> **Problem to work on**:
From the listing that follows, output everything exactly except the pictures.

> **Study material**:
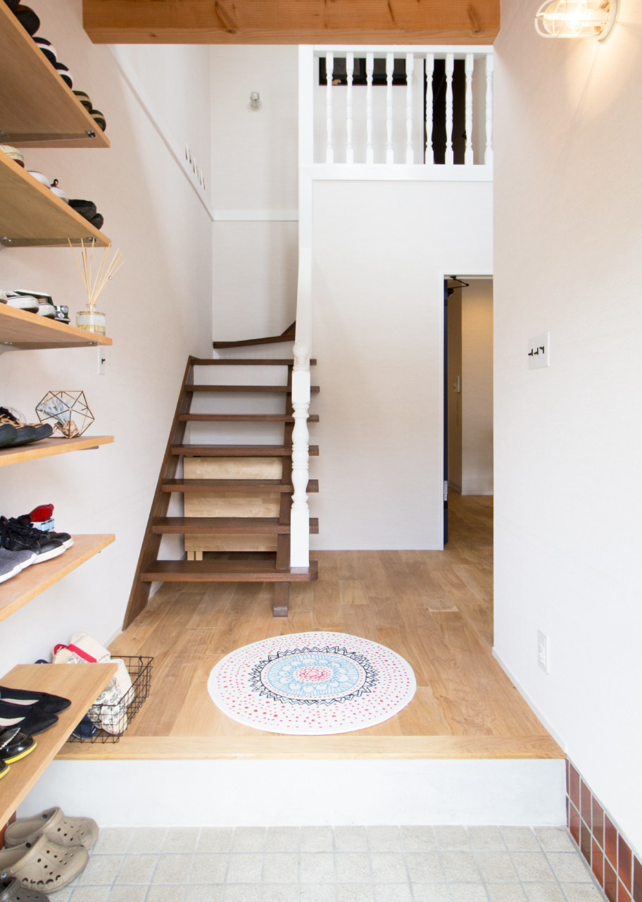明るく開放的な吹き抜けの玄関。階段の手すりを白に塗り替えてイメージを一新し、土間スペースにオープンなシューズボックスを造作した。
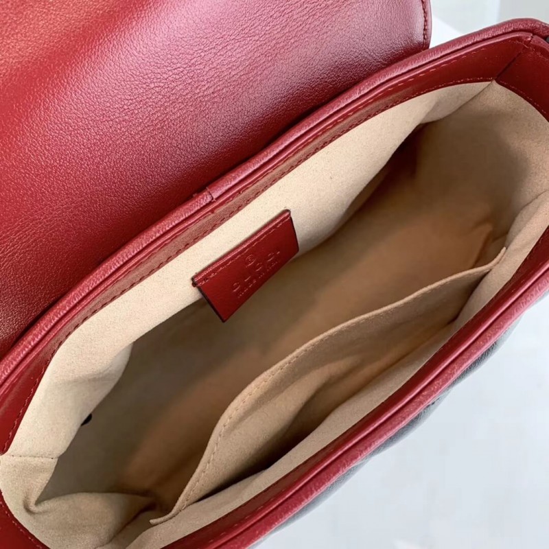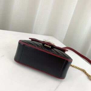 The GG Marmont bag is reimagined for Pre-Fall 2019. made from black diagonal matelasse quilted leather and completed with a twisted torchon Double G embellishment. The mini top handle’s distinct softly structured shape is outlined in contrast cerise piping. highlighting its oversized flap closure. A removable chain strap allows the satchel shape to also be worn as a shoulder bag.
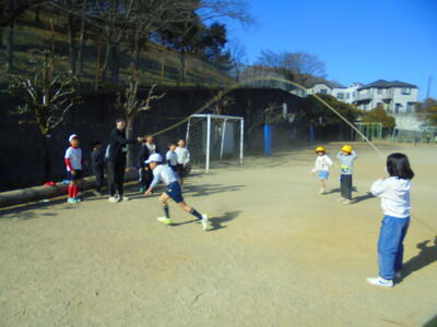 縄に入るタイミングや跳び方、掛け声などを工夫して練習に取り組んでいました。もう少し上達をしたら、目標の時間に何回跳ぶことができるかに取り組むクラスもあるとのことです。
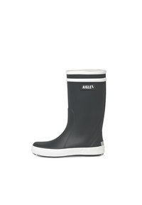 Roter wasserdichter Gummiregenstiefel mit weißer Sohle und Besatz, mit dem Markenname „Aigle“ an der Oberseite.
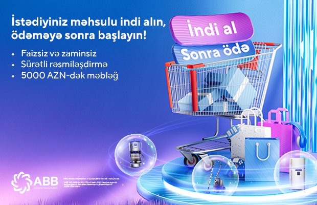 ABB yeni “İndi al, sonra ödə!” xidmətini müştərilərə təqdim edib. Bu, ABB-nin “İndi al, sonra ödə!” üzrə partnyoru olan mağazalarda elə yerindəcə kreditləşmə ilə məhsul alışına şərait yaradan yeni xidmət növüdür.
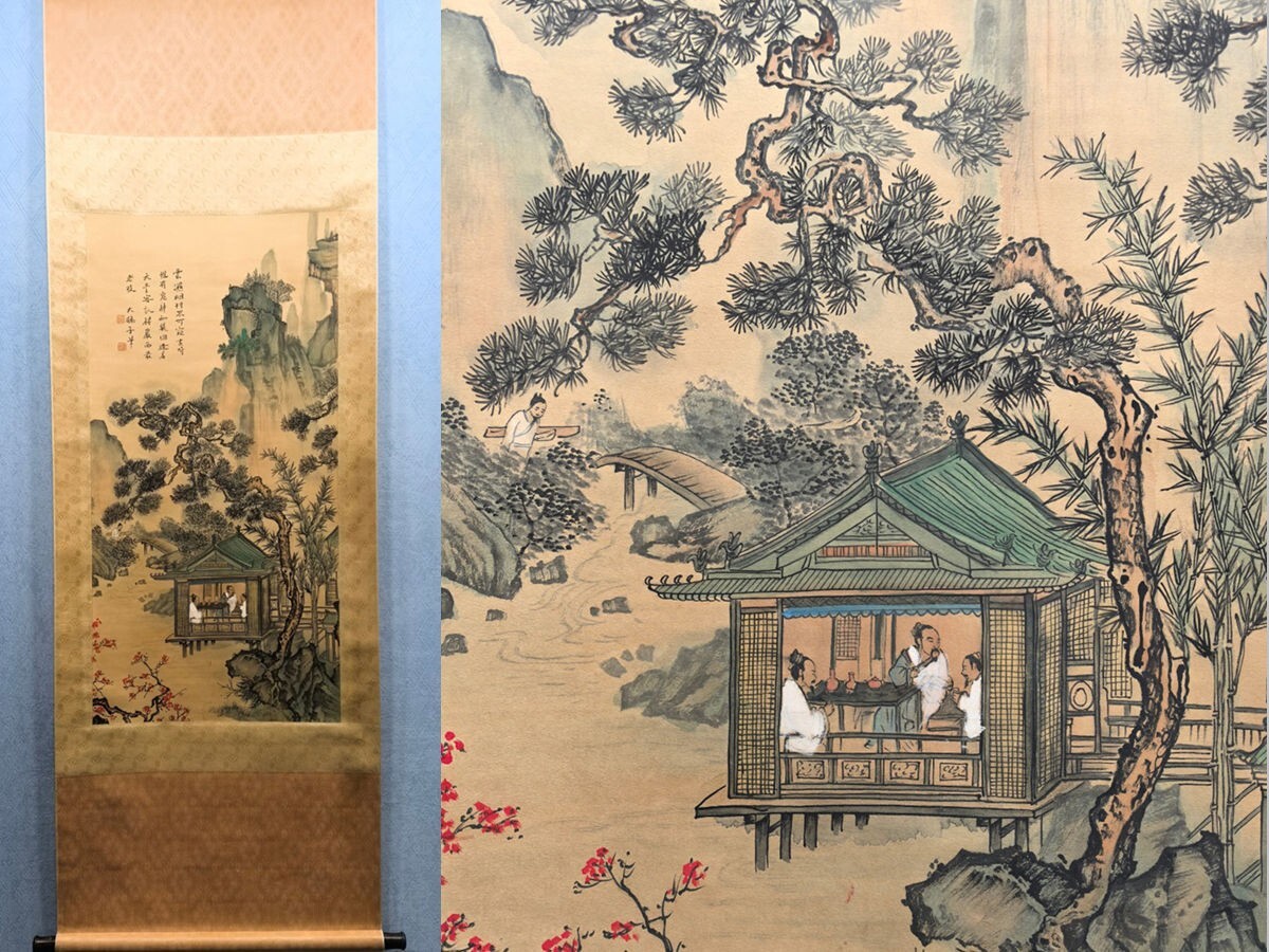 - 「石濤畫 山水人物図」清代画家 肉筆紙本【仁】掛け軸 書画立軸 巻き物 中国書画 古美術 蔵出 畫芯約49×100cm

> **Solution to this task**:
明るく開放的な吹き抜けの玄関。階段の手すりを白に塗り替えてイメージを一新し、土間スペースにオープンなシューズボックスを造作した。
 The GG Marmont bag is reimagined for Pre-Fall 2019. made from black diagonal matelasse quilted leather and completed with a twisted torchon Double G embellishment. The mini top handle’s distinct softly structured shape is outlined in contrast cerise piping. highlighting its oversized flap closure. A removable chain strap allows the satchel shape to also be worn as a shoulder bag.
 縄に入るタイミングや跳び方、掛け声などを工夫して練習に取り組んでいました。もう少し上達をしたら、目標の時間に何回跳ぶことができるかに取り組むクラスもあるとのことです。
 Roter wasserdichter Gummiregenstiefel mit weißer Sohle und Besatz, mit dem Markenname „Aigle“ an der Oberseite.
 ABB yeni “İndi al, sonra ödə!” xidmətini müştərilərə təqdim edib. Bu, ABB-nin “İndi al, sonra ödə!” üzrə partnyoru olan mağazalarda elə yerindəcə kreditləşmə ilə məhsul alışına şərait yaradan yeni xidmət növüdür.
 - 「石濤畫 山水人物図」清代画家 肉筆紙本【仁】掛け軸 書画立軸 巻き物 中国書画 古美術 蔵出 畫芯約49×100cm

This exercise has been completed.